Data excerpts:
* * * * * * * * *

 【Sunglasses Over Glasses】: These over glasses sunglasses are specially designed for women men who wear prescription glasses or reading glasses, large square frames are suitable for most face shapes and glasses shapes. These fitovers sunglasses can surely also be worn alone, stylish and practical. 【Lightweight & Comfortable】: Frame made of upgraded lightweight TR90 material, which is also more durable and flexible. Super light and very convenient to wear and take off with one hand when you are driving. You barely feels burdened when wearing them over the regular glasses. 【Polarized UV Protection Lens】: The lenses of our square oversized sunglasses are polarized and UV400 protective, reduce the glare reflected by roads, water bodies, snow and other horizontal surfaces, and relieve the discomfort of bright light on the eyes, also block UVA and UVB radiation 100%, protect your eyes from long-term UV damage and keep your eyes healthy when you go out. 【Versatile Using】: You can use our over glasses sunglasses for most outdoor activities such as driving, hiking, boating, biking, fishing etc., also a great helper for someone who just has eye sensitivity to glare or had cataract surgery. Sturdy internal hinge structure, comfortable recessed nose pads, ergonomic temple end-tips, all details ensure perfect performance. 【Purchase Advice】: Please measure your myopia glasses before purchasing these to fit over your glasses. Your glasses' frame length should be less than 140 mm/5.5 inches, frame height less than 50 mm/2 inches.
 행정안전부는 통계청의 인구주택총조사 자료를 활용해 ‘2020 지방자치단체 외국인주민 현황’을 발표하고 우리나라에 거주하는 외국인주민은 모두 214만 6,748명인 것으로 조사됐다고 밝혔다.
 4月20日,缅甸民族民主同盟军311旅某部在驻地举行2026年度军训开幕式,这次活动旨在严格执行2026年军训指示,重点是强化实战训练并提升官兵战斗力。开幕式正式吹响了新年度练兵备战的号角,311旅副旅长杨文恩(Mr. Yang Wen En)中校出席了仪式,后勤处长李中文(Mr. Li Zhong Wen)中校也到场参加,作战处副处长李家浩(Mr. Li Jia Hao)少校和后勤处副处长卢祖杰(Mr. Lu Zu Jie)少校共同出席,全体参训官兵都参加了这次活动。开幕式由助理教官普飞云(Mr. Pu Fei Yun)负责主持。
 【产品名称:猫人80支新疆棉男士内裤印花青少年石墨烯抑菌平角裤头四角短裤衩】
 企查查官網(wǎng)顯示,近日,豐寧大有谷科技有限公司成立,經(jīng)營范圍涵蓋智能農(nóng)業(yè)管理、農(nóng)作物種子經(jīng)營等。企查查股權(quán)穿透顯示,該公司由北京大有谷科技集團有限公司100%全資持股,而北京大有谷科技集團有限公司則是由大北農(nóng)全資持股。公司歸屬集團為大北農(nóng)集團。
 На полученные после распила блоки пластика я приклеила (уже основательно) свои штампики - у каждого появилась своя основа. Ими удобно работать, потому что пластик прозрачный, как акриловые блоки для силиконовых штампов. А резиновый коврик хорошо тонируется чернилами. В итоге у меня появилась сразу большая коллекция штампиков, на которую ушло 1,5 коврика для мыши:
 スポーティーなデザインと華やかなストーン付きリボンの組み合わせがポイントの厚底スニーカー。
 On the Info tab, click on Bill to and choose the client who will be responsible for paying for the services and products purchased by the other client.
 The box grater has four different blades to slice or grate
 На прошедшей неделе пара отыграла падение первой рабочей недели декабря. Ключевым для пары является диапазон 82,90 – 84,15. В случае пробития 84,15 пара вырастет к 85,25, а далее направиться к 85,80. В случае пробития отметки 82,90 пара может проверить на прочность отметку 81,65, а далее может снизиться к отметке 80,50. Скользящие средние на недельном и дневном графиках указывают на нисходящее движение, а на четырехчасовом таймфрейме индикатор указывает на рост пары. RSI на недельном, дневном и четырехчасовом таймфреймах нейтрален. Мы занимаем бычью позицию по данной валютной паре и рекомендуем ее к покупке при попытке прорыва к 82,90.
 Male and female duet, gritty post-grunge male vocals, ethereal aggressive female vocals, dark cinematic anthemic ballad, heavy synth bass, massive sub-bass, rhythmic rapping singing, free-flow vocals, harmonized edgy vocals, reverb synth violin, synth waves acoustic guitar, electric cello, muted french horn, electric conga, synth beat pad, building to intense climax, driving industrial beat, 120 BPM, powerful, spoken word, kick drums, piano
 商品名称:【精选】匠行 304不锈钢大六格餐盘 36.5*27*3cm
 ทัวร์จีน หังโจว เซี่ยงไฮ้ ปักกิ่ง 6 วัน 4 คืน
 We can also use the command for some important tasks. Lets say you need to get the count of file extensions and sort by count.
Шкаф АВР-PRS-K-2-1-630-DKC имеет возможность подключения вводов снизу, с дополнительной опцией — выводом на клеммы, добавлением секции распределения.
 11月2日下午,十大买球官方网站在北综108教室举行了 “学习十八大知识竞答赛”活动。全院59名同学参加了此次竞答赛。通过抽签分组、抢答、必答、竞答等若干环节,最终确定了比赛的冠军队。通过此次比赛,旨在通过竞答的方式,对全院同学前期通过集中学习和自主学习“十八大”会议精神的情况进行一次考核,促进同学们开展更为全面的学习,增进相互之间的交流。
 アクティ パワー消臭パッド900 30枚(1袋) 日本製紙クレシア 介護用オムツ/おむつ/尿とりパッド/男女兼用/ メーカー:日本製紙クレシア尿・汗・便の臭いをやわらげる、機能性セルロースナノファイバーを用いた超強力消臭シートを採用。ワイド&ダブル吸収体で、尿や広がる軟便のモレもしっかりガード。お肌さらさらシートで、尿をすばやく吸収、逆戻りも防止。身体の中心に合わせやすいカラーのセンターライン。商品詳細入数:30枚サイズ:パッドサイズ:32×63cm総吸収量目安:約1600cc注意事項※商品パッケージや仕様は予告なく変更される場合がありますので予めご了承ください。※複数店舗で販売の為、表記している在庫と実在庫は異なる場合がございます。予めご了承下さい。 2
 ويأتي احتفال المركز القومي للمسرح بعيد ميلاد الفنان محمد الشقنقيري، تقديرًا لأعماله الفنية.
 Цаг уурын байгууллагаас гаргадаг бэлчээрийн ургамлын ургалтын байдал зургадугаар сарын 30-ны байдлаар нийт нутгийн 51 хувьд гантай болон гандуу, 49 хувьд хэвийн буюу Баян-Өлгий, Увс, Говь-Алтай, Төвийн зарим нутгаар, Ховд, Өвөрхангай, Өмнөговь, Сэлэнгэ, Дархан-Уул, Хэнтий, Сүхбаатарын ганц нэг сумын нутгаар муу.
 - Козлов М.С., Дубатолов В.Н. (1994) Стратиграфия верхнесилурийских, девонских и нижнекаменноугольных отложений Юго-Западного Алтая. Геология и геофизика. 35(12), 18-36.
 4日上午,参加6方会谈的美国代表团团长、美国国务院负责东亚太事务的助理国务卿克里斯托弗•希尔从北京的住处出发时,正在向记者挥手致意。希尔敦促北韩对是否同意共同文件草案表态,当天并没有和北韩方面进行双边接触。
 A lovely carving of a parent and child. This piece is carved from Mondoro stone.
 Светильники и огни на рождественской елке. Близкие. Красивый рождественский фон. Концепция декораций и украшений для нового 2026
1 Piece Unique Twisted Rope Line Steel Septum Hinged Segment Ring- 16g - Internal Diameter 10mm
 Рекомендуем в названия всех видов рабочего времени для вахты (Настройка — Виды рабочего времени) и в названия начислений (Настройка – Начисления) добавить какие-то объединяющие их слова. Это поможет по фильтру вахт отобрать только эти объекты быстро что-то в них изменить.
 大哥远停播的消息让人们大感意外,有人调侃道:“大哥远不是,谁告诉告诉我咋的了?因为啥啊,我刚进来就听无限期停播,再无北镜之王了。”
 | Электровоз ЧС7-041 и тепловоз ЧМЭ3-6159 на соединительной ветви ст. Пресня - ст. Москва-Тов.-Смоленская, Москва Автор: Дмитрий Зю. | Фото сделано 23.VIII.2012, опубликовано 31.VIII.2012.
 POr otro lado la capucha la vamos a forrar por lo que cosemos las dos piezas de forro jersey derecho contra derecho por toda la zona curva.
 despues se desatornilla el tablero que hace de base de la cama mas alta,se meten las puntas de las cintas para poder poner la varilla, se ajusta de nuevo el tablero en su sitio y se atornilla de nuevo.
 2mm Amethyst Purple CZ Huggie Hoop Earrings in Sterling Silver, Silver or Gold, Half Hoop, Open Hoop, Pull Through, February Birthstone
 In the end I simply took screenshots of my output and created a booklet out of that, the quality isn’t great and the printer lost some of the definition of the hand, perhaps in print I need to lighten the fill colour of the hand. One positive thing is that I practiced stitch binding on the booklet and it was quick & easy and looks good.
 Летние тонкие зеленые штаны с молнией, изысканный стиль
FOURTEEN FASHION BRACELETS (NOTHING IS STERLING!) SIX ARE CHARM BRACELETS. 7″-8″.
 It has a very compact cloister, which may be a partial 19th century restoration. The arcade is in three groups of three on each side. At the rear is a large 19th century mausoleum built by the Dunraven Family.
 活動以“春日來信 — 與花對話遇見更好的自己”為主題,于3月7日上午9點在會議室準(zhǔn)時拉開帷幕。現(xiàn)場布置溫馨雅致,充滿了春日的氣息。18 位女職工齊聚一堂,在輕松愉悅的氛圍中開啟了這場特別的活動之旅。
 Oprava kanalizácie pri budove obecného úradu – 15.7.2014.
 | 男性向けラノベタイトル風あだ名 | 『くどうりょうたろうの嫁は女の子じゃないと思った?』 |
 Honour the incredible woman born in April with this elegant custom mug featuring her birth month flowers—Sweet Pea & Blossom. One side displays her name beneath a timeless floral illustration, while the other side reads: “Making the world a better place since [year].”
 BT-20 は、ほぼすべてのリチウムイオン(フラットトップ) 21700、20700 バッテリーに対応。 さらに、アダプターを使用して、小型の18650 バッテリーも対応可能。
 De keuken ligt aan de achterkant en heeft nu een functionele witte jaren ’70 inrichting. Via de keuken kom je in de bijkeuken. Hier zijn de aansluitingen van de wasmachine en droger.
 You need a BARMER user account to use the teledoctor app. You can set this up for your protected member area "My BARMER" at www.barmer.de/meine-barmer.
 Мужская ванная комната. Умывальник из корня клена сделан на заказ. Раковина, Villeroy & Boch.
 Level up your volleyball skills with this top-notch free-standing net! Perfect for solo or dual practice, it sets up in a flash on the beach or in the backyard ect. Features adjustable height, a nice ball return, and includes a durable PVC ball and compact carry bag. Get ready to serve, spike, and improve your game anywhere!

* * * * * * * * *

What the task requires: Would you copy every line of the entries that includes the word "compact"?

Final answer:
 It has a very compact cloister, which may be a partial 19th century restoration. The arcade is in three groups of three on each side. At the rear is a large 19th century mausoleum built by the Dunraven Family.
 Level up your volleyball skills with this top-notch free-standing net! Perfect for solo or dual practice, it sets up in a flash on the beach or in the backyard ect. Features adjustable height, a nice ball return, and includes a durable PVC ball and compact carry bag. Get ready to serve, spike, and improve your game anywhere!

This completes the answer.